DETAILED DESCRIPTION OF THE INVENTION The present invention relates to a method for manufacturing decorative items such as glass tableware, pots, cosmetic containers, lighting equipment, decorative panels, etc., by forming a film mainly composed of copper on the surface of glass containers, etc. by sputtering. In addition, it is suitable for applying copper luster to the surface of transparent articles.

The purpose of the present invention is to provide a material that can be used without impairing the beauty of the material itself, such as glass or plastic.
To provide a decoration method using sputtering that makes the metallic luster of a precious metal look beautiful using a copper thin film.

Another object of the present invention is to provide a method for manufacturing the above-mentioned ornaments at low cost and easily.

The structure of the present invention is to coat the surface of an article to be decorated such as glass or plastic with chromium or a metal alloy containing chromium as an undercoat to a thickness of 30 Å to 130 Å by sputtering, and then to form a copper layer by sputtering. Topcoat 30Å with the same material as the undercoat above.
It is characterized by being coated by sputtering to a thickness of ~130 Å.

In the present invention, the undercoat film thickness is 30 Å or more.
The reason why the thickness is limited to 130 Å is that if the thickness is less than 30 Å, the adhesion of the copper layer to the object to be decorated will become unstable, and if it exceeds 130 Å, the transparent brightness will be lost.

In addition, the reason why the top coat film thickness is limited to 30 Å to 130 Å is that if it is less than 30 Å, there will be areas where the wear resistance decreases, and the protection of the copper layer will not be sufficient, resulting in a golden-yellow luster over a long period of time. This is because there is a risk of shading, and when the thickness exceeds 130 Å, transparent brightness is lost as in the case of an undercoat.

Practical materials for the undercoat and topcoat of the present invention are stainless steel, chrome or chrome alloys, such as chrome steel. These metals are selected because chrome has good adhesion to both glass or plastic and copper, and has excellent corrosion resistance and wear resistance.

Hereinafter, embodiments of the present invention will be described together with a manufacturing apparatus thereof.

FIG. 1 shows a longitudinal sectional view of a sputtering apparatus used for carrying out the present invention.

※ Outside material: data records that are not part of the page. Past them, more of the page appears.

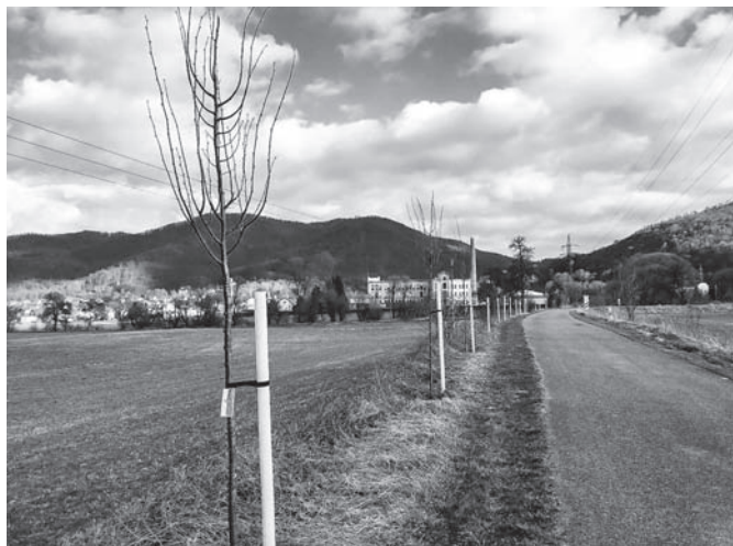
Výsadba lipového stromořadí u cyklostezky.
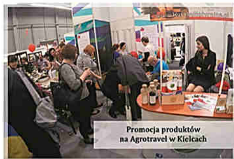
Promocja produktów na Agrotravel w Kielcach
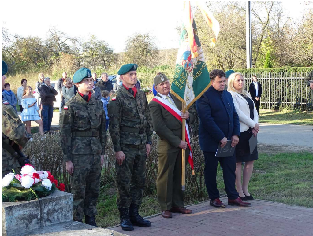
Rocznica pacyfikacji wsi Kępice (październik 2019)
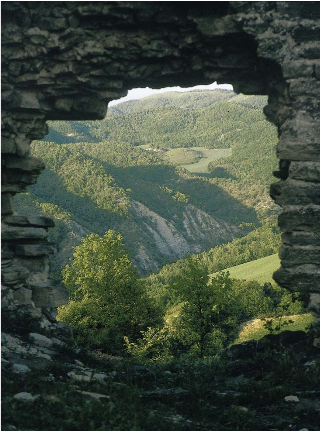
Panorama dal Castello di Cantagallo

Accanto a ciascuna immagine viene riportato un indice numerico che il lettore troverà segnalato sulla carta allegata accanto al simbolo della camera fotografica, simbolo che intende infatti segnalare i punti di vista panoramici.
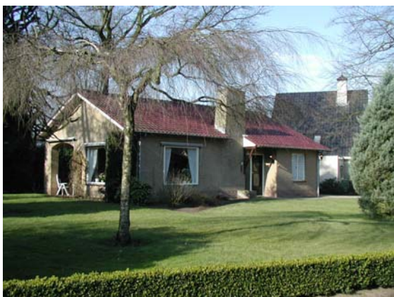
Veel ruimte om de woning.

A removable bell gear container 2 is mounted on the base 1 to form a vacuum chamber, its exhaust pipe 3 is connected to an exhaust system such as a vacuum pump, and the gas introduction pipe 4 is connected to a gas cylinder, etc. via a pressure reducing valve. communicate with. On the base 1,
A large gear 5 with teeth carved on its outer periphery is fixed, and a ring-shaped gear 6 coaxial with the large gear and having teeth with a larger diameter than the large gear 5 is rotatably supported by a thrust ball bearing 7 and directly driven by a motor 8. A small gear 9 is engaged with the ring-shaped gear 6, and a planetary gear 11 fitted into a shaft 10 rotatably established on the ring-shaped gear 6 is engaged with the fixed large gear 5. Therefore, the ring gear 6 is rotated by the motor drive, and the planetary gear 11 revolves around the fixed large gear 5 while rotating. A branch 12 is provided on the shaft 10 as appropriate, and a workpiece G such as a glass is attached to the branch.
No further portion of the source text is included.